I too can't seem to shake the local host current load from being flagged running Nagios XI 2011R1.2. I have about 300 hosts and 1250 services being monitored. We keep throwing more RAM and CPU at it, but it just sucks it all up and basically says 'thanks', then triggers that error again about the current load.

We currently have 4 processors and 8GB of RAM in a virtual machine feeding this XI environment. We currently have roughly 300 hosts and 1300 services.

Any thoughts?
rdedon
Posts: 578
Joined: Sat Nov 20, 2010 4:51 pm

Re: High CPU

Post by rdedon »

Could you post the relevant info regarding your setup here?
From XI Staff To Our Customers,

In order to give you the best support possible, we ask that you submit your support requests with the following guidelines. These guidelines are intended to reduce resolution time to your issues.

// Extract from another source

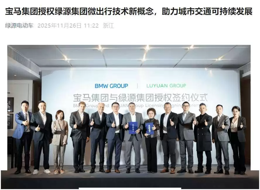 近日,绿源集团与宝马集团在浙江杭州达成技术授权合作协议,由宝马集团将其自主研发的两项创新出行技术——“Dynamic Cargo”(灵动物流三轮车)与“Clever Commute”(智捷通勤滑板车)授予绿源集团使用。这项合作的达成,标志着双方在智慧出行领域的技术整合迈出了关键一步。

For all support requests, we need to know:
  1. Linux Distribution and version?
  2. 32 or 64bit?
  3. VMware Image or Manual Install of XI?
  4. Are there specials configurations on your system, ie; is Gnome installed? Are you using a proxy? Are you using SSL?
  5. **If you are encountering multiple issues that may not be related, start a thread for each issue
For Installation Issues:
  • Above information
  • For Redhat installs, you need to be registered with the RHN (Redhat Network) in order to have full access to their repos. XI will not be able to install correctly without full repo access since several critical packages depend on this.
  • Any error output noticed during installation, and what scripts were being run when errors were noticed.
  • Verify that both mysql and postgresql are installed and running after the "3-dbservers" script. Send us the output from the following commands:

Code: Select all

service mysqld restart
service postgresql restart 
Thank you.
Rene deDon
Technical Team
___
Nagios Enterprises, LLC
Web: http://www.nagios.com
r.jaynes
Posts: 58
Joined: Wed May 19, 2010 1:27 pm

Re: High CPU

Post by r.jaynes »

We have the same issue. Our host load will report critical sometimes, and the SMTP service for localhost will show a socket timeout. Prior to the 2011 intsall we didn't have this issue.

Relevant information:

NagiosXI 2011R1.1
Linux 2.6.18-194.11.3.el5 #1 SMP Mon Aug 30 16:23:24 EDT 2010 i686 i686 i386 GNU/Linux, installed from
32 Bit
VMWare Image downloaded from the NagsiosXI downloads
None special configs, gnome, no proxy, no SSL, basically a default install

38 hosts
180 services
mguthrie
Posts: 4380
Joined: Mon Jun 14, 2010 10:21 am

Re: High CPU

Post by mguthrie »

mtkaschools,

Here's a Doc on understanding what affects XI performance:
http://library.nagios.com/library/produ ... erformance

It should probably be noted that mysql is fairly opportunistic with RAM, and it will cache as much memory as it can (up to about 90-95%) if it's not already in use. It's not all actually being used, but think of it as being on standby as needed. CPU load is mostly affect by the factors mentioned in the Doc above.

r.jaynes,

Your issue may be different, you don't have a very large amount of checks running. Can you give us more detail as to where you're finding out about the SMTP timeout, what kind of CPU load on a 15mn average, and how much CPU power you have?
r.jaynes
Posts: 58
Joined: Wed May 19, 2010 1:27 pm

Re: High CPU

Post by r.jaynes »

The SMTP timeout shows up under the localhost services in NagiosXI, as a critical status. Currently the 15 minute average is 3.06. The VM is running on VMware ESX 4.0, and has 2048mhz assigned to it with 512mb of RAM.
mguthrie
Posts: 4380
Joined: Mon Jun 14, 2010 10:21 am

Re: High CPU

Post by mguthrie »

I'll have to do some hunting to see if there were any relevant updates that might affect SMTP on your system. Your CPU load does seem high for that amount of checks. I'd like to have you try a few things.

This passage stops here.